What to work on: Your answer must restate each entry below word for word, with no pictures in it.

Records from a data source:
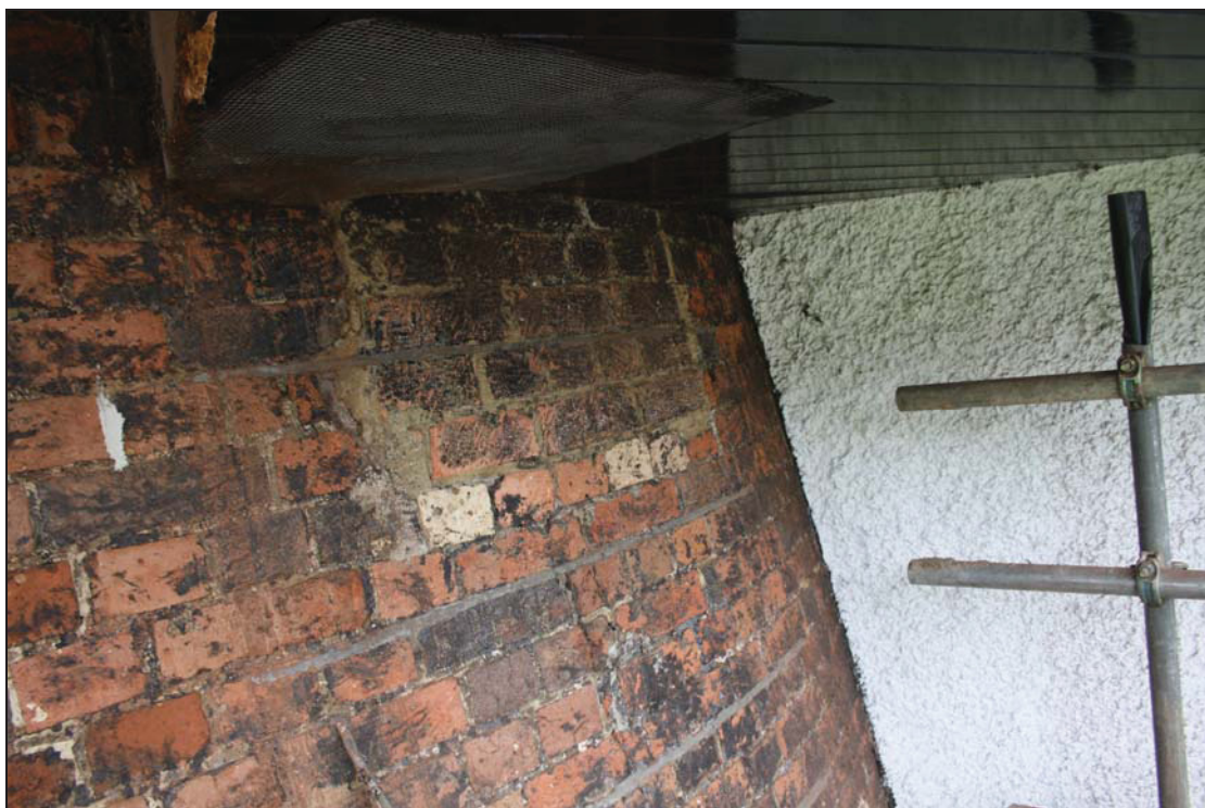
DP 10 Blocked aperture on the south side of the mill tower at Level 2, taken from the west
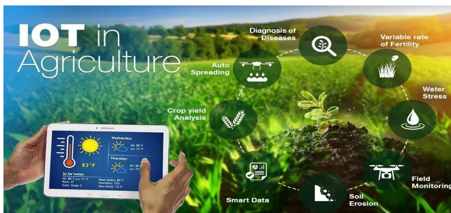
Fig 2: Smart Farming

Another clever agriculture-based innovation company [6] operating in India has successfully created devices [Fig. 2] based on the IoT platform that provides advances in technology in business farming. It collects data on weight, soil, wind direction, precipitation, climate, and solar radiation. To measure soil temperature, soil wetness, and soil ph, tests are conducted on the soil. The data is collected, dissected, and provided in bite-sized pieces on the cloud. The producers can also connect with one another and exchange information using a flexible application.
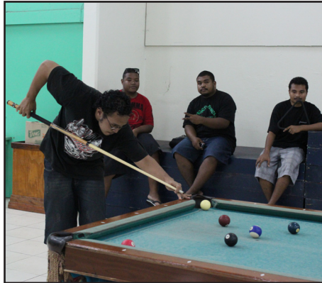
Recreation time playing billiards.
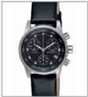
80405TL [Lady] from €92
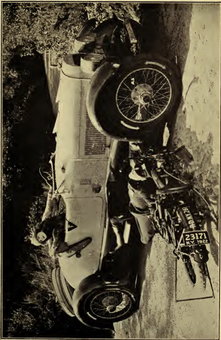
A Paramount Picture

IT WAS A VERY TERRIFYING MOMENT FOR LYDIA.
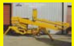
SPIDER TST29 (1999) Special high reach platform. 94' working height. Battery/mains electric. Repainted, serviced & tested.

Leewood Business Park, Upton, Huntingdon, PE28 5YQ Tel: +44 (0) 1480 891251 Fax: +44 (0) 1480 891162 e-mail: sales@accessplatforms.co.uk
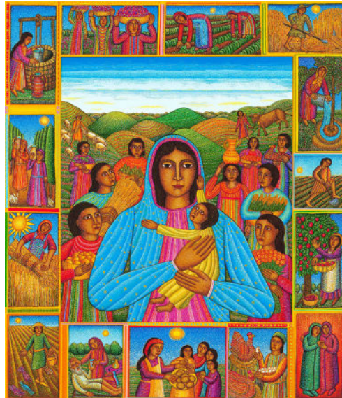
Madonna of the Harvest

After responding “Amen” to the opening prayer, please be seated.
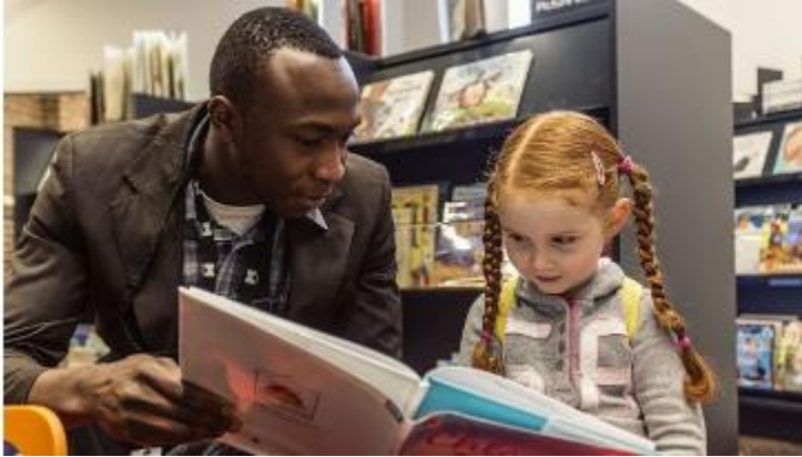
Story time:

traditional and digital items to suit everyone, including books, DVDs, CDs, magazines, and eBooks. Children can join book talks, meet authors, read the latest releases, and attend story time sessions.

Reply to the exercise:
DP 10 Blocked aperture on the south side of the mill tower at Level 2, taken from the west
Fig 2: Smart Farming

Another clever agriculture-based innovation company [6] operating in India has successfully created devices [Fig. 2] based on the IoT platform that provides advances in technology in business farming. It collects data on weight, soil, wind direction, precipitation, climate, and solar radiation. To measure soil temperature, soil wetness, and soil ph, tests are conducted on the soil. The data is collected, dissected, and provided in bite-sized pieces on the cloud. The producers can also connect with one another and exchange information using a flexible application.
Recreation time playing billiards.
80405TL [Lady] from €92
A Paramount Picture

IT WAS A VERY TERRIFYING MOMENT FOR LYDIA.
SPIDER TST29 (1999) Special high reach platform. 94' working height. Battery/mains electric. Repainted, serviced & tested.

Leewood Business Park, Upton, Huntingdon, PE28 5YQ Tel: +44 (0) 1480 891251 Fax: +44 (0) 1480 891162 e-mail: sales@accessplatforms.co.uk
Madonna of the Harvest

After responding “Amen” to the opening prayer, please be seated.
Story time:

traditional and digital items to suit everyone, including books, DVDs, CDs, magazines, and eBooks. Children can join book talks, meet authors, read the latest releases, and attend story time sessions.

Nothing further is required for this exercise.